— AIM OF THE TASK —
For every line that contains the string "into", pull that line out of the material below.

— GIVEN ENTRIES —
Segment Open

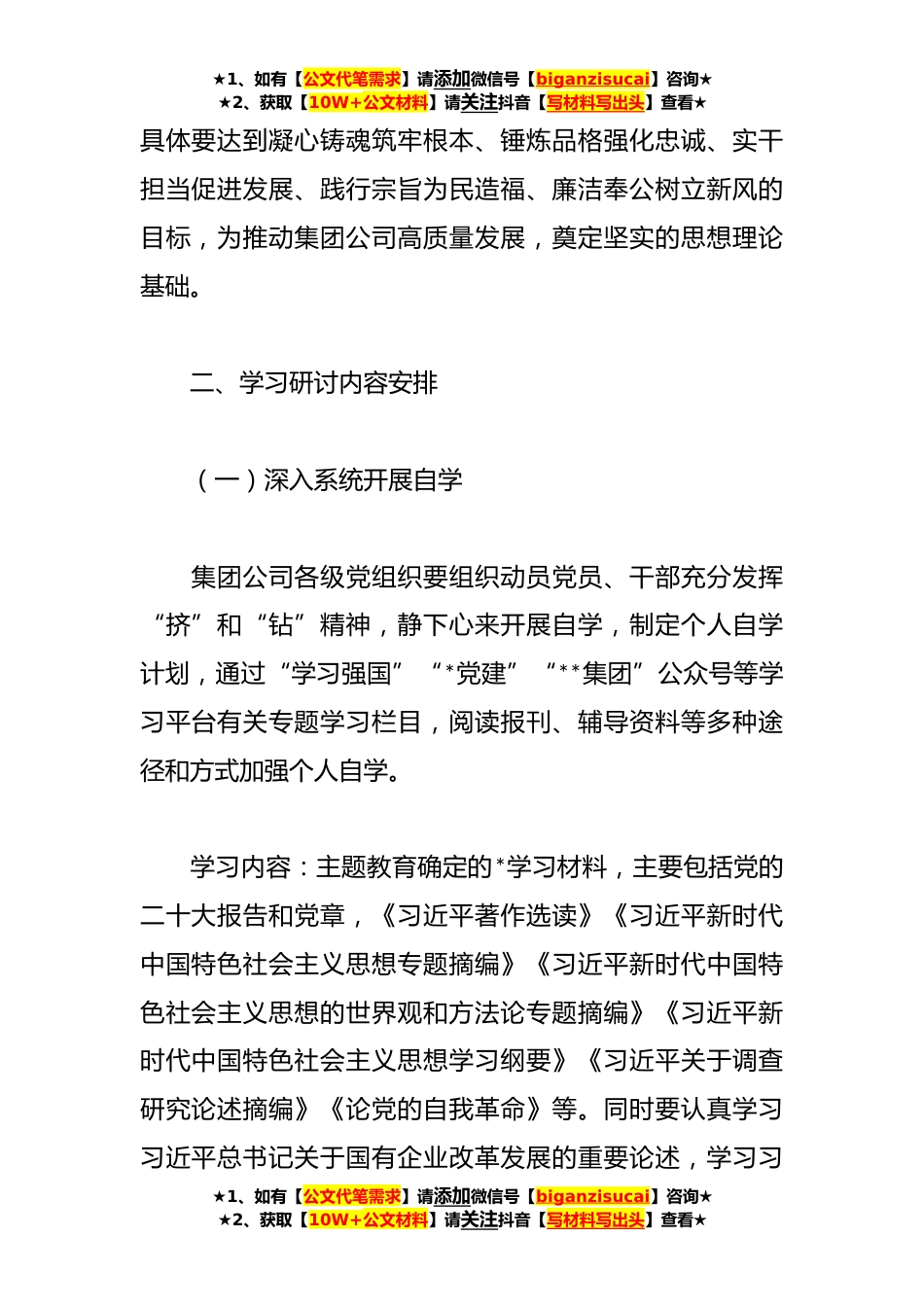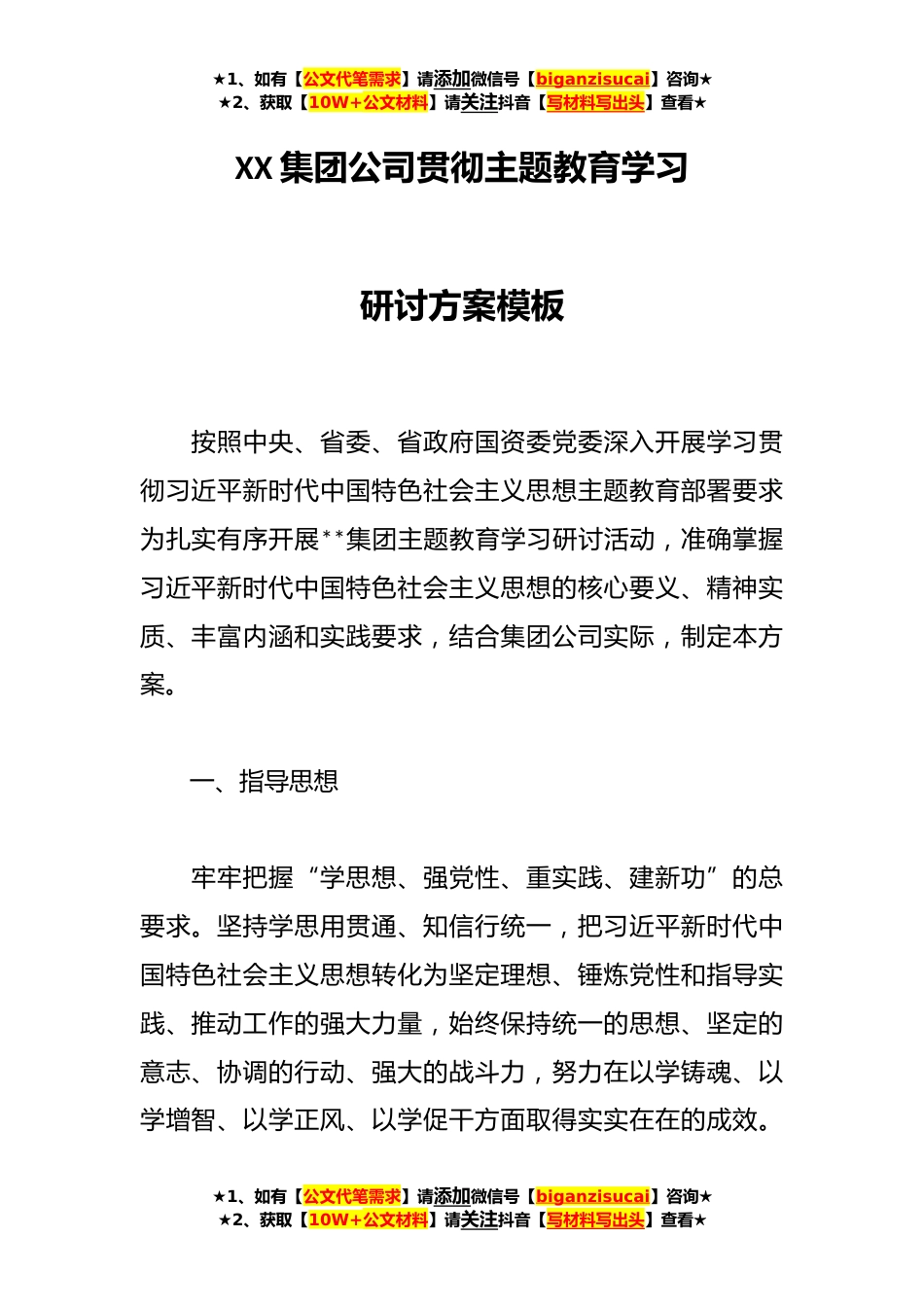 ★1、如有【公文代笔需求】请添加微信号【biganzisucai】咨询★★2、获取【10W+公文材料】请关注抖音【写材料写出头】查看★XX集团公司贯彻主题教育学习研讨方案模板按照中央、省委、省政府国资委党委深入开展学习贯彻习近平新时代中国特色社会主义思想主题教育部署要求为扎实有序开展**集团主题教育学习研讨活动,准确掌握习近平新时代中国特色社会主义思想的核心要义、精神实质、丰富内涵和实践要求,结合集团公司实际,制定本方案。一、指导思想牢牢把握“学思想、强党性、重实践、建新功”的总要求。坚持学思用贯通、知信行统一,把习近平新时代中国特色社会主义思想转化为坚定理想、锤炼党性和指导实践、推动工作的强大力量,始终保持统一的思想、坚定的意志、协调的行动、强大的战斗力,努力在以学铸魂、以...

Segment Closed
Segment Open

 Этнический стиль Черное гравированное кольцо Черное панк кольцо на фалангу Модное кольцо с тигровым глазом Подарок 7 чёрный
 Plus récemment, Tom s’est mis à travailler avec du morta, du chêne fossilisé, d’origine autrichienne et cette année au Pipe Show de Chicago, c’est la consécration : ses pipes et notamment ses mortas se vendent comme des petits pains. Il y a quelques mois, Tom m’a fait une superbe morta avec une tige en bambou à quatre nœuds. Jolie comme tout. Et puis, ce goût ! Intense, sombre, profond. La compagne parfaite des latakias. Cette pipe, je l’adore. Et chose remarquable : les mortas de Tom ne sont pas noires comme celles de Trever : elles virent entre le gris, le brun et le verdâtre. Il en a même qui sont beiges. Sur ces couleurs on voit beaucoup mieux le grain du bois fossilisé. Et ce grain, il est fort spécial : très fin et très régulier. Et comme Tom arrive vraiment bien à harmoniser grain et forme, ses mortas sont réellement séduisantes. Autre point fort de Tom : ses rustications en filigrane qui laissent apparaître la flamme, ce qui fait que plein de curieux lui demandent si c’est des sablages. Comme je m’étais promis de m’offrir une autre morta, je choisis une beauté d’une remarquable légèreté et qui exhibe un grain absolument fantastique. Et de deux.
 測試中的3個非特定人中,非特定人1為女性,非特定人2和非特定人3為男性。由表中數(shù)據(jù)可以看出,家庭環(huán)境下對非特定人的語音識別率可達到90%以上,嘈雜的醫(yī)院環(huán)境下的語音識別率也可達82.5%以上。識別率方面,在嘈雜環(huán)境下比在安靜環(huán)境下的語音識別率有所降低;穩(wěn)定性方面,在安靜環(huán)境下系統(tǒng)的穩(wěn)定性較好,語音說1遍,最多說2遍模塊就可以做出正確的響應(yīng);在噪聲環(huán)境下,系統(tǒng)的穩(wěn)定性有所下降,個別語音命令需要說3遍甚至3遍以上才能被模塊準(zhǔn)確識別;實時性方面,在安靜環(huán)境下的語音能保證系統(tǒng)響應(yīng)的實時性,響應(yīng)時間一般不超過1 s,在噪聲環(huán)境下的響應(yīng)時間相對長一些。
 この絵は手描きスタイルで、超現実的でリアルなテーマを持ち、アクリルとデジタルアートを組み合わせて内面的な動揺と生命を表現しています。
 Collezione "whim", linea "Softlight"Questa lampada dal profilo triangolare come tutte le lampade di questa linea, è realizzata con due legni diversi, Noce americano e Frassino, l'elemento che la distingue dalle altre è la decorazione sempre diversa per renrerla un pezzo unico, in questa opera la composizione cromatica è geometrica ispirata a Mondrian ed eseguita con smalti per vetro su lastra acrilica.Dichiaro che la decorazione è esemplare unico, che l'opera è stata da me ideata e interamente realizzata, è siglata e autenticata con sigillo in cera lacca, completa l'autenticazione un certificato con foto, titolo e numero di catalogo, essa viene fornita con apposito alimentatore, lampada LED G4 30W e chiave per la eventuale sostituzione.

Segment Closed
Segment Open

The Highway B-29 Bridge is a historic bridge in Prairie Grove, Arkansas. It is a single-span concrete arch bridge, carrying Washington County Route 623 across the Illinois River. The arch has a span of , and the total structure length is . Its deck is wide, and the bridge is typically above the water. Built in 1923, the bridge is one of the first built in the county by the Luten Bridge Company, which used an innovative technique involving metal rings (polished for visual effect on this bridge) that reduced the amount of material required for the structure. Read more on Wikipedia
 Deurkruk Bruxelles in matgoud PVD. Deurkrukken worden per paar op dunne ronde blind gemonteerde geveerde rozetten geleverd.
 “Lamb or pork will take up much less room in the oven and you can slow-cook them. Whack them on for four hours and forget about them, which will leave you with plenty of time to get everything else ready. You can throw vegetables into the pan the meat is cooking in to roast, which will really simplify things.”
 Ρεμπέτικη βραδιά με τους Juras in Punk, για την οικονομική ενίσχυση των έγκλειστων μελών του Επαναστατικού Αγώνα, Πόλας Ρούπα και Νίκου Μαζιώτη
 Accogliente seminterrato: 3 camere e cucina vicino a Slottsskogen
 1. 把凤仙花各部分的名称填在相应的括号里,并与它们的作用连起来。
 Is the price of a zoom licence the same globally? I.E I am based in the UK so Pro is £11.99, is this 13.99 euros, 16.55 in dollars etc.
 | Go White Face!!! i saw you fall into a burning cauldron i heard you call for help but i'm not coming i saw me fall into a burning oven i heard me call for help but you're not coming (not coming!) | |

Segment Closed

— OUTPUT —
 “Lamb or pork will take up much less room in the oven and you can slow-cook them. Whack them on for four hours and forget about them, which will leave you with plenty of time to get everything else ready. You can throw vegetables into the pan the meat is cooking in to roast, which will really simplify things.”
 | Go White Face!!! i saw you fall into a burning cauldron i heard you call for help but i'm not coming i saw me fall into a burning oven i heard me call for help but you're not coming (not coming!) | |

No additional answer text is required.